24 inches long. Just enough space to lay on my tummy. How much longer do I have? These simple moments are my everything. When else will I get the chance to look at you so closely and peacefully? Your little legs still curl up as if you are in the womb. Tiny, chubby arms attempt to wrap around me. The sweetest little eyes gently closed as you sleep. I love to look at your long eyelashes, blessed from your dad. How did you get so lucky!?
While you don’t take a pacifier, your bottom lip moves as if you do. Your perfect little nose makes me giggle when a little boogie hangs out from it. And while the tops of your hairs tickles the bottom of my chin… I am grateful for this memory I will have forever. Flinches from your baby dreams and big deep sighs. You’re a tiny little person, that I am proud to call my own. You are my son, forever and always. I will never forget these moments even as you grow. Thank you for loving me and trusting me. I look forward to every day with you.
I love you,
Your mama xo
10 weeks old!
I’ve heard of it, but I didn’t think it was actually true. Alas, I caught a case of the mom guilt. Everything makes me feel guilty. I go to bed at night thinking about how I need to be better the next day.
If I’m on my phone too much. Guilt. If I leave him to go work out. Guilt. If I don’t play with him enough, hug him enough, love him enough. Guilt Guilt Guilt! Ahhh! I’m leaving him for 2 whole nights in October and I’m already feeling guilty. This is getting out of hand!
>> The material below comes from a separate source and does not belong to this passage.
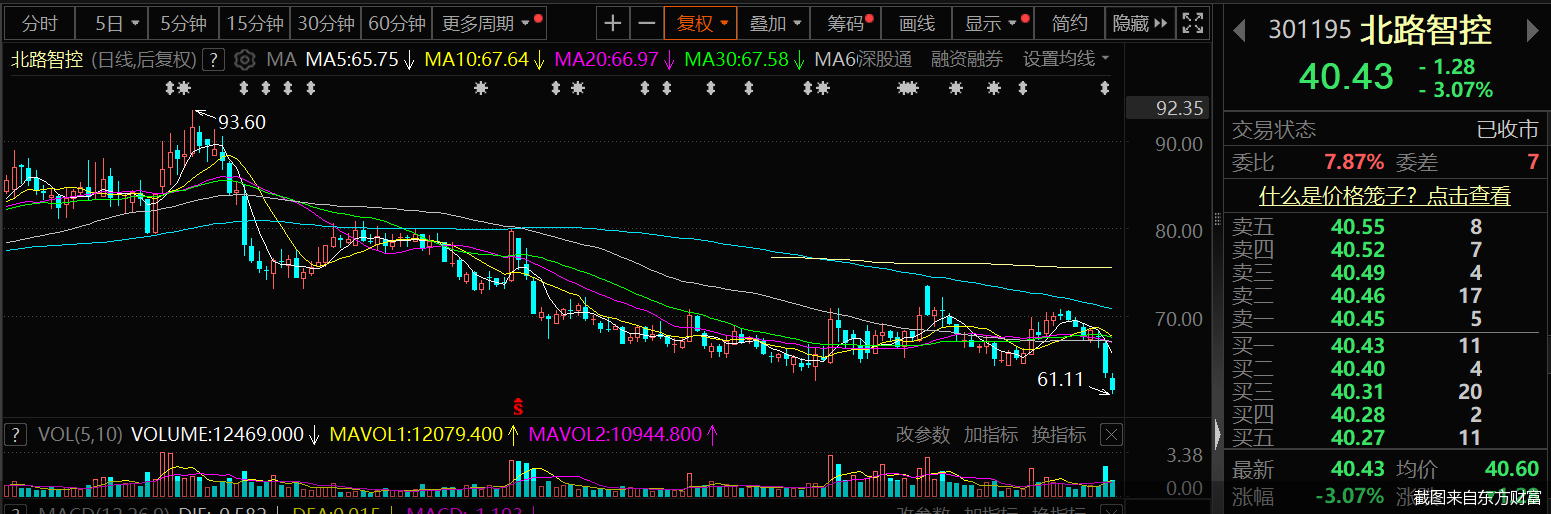 交易行情显示,10月20日,北路智控股价低开1.01%,开盘后公司股价处于低位震荡态势,盘中触及40.14元/股的低点。以后复权形式来看,北路智控40.14元/股的价格也创下了上市后新低。截至当日收盘,公司股价报40.43元/股,收跌3.07%,总市值为53.17亿元。
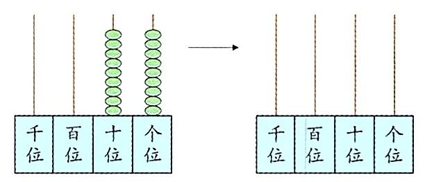 左边计数器上表示的是( )十( ),如果个位上再添上1颗珠子,表示的数是( )。

It’s so important to have my own identity, but I struggle with the balancing act. I know he’s not going to look back at this time and shake his finger at me for not doing better. And I know he needs to have moments without me, spending quality time with Dad, Grammy, Aunts and etc. I just didn’t think the mommy guilt would get a hold of me.
I daydream of the days I can get back to work, being creative and satisfying my artistic needs. But I know he needs me, and I need him! So then I feel guilty for even thinking for a second of not taking care of him every day.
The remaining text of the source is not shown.